Ahmet Atakan died from injuries amid anti-government protests in Hatay province Tuesday
Turkey's interior minister: "There was no police intervention" and he "fell from a high place"
Turkish authorities in Hatay have not responded to requests for an official autopsy report
A day after conflicting accounts over the death of a protester sparked clashes between security forces and demonstrators in several Turkish cities, Turkey’s interior minister insisted police played no role in the man’s fatal injuries.
“What happened in Hatay is a saddening event. I wish peace from God for our deceased citizen,” Muammer Guler told journalists. He was referring to Ahmet Atakan, 22, who died as a result of his injuries amid a predawn battle between demonstrators and riot police in the Turkish border province of Hatay on Tuesday.
“The investigation into the event was started immediately. However, as you also watched yesterday, footage emerged that shows there was no police intervention and that (he) fell from a high place. This is what the autopsy report says as well,” Guler said.
Turkish authorities in the province of Hatay have not responded to CNN requests to share Atakan’s official autopsy report.
Meanwhile, eyewitnesses and family members of the dead protester have insisted that Atakan did not fall from a building. Rather, they told CNN, he was shot in the head at close range by a tear gas canister fired by a passing police armored personnel carrier.
Since a wave of protests erupted over government plans to replace a park in Istanbul with a shopping mall last May, human rights groups have documented cases of a number of activists who were blinded, suffered brain damage, or remain in medically induced comas a result of tear gas canisters fired at their heads.

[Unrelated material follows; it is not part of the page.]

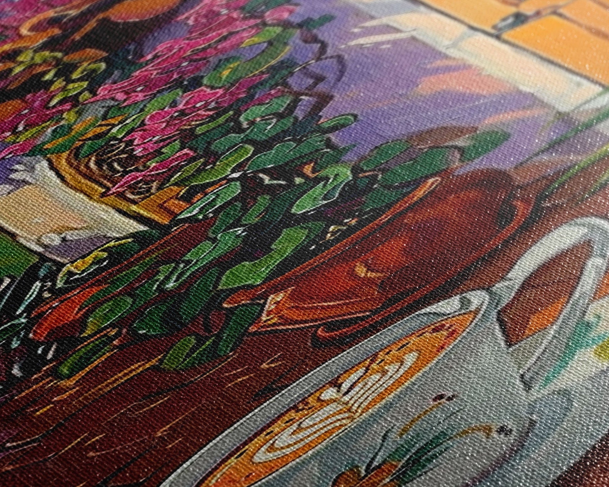 Most of our canvases are made in the USA, with the exception of canvases ordered with the light oak unstained frames, and any large canvases (24x48, 30x60, 16x48 and 20x60) ordered WITH a frame. These are temporarily made in and shipped from Europe, while we try to find a more consistent supplier in the USA.

But Turkish government officials have pointed to two videos to bolster the case that Atakan fell to his death Tuesday morning.
One video from a camera aboard a police vehicle showed debris apparently being hurled from rooftops at the vehicle as it drove up Hatay’s Gunduz Street. For months, the area has been the site of nearly weekly clashes between demonstrators from Turkey’s Alawite religious minority and Turkish security forces.
At one moment in the video, the body of a man tumbles off of a dark curb onto the street, apparently forcing the police vehicle to swerve.
Later Tuesday, a second grainy video emerged on Turkish television that showed something that could have been a human body falling down the side of a building as police armored vehicles navigated Gunduz Street.
It is not clear whether the interior minister’s statements or the two videos will persuade many critics of the Turkish government.
At a funeral in Hatay on Tuesday, angry relatives, friends and neighbors chanted “murderer police” as they carried Atakan’s casket to a freshly dug grave.
“Erdogan’s dogs killed my son,” screamed Atakan’s mother Emsal, in an interview with CNN. She was referring to Recep Tayyip Erdogan, Turkey’s prime minister.
Atakan is the second man from his neighborhood – and from the city of Hatay’s Alawite community – to have died amid clashes with police.
“How he died doesn’t concern me, it’s just a detail,” said Hasan Akgol, a member of parliament from the opposition Republican People’s Party in Hatay.
“The big picture is he died during a police intervention,” he added in an interview with CNN. “How many more young kids are going to be killed by this kind of stuff?”
At least four other anti-government demonstrators – all from Turkey’s Alawite and Alevi religious minorities – have also died as a result of injuries received amid the anti-government unrest that has ebbed and waned across Turkey throughout the summer.
“No matter what happened, we know that there are ethnic-based provocations in Hatay,” Interior Minister Guler told journalists Wednesday.
Tear gas wafted through downtown Hatay late Tuesday night, after angry residents emerged from Atakan’s funeral to again clash with Turkish riot police on Gunduz Street.
And on Tuesday night, Turkish riot police fired water cannons, plastic pellets and tear gas in Hatay province – and in the cities of Ankara, Izmir and Istanbul – to disperse angry protests that erupted in response to Atakan’s death.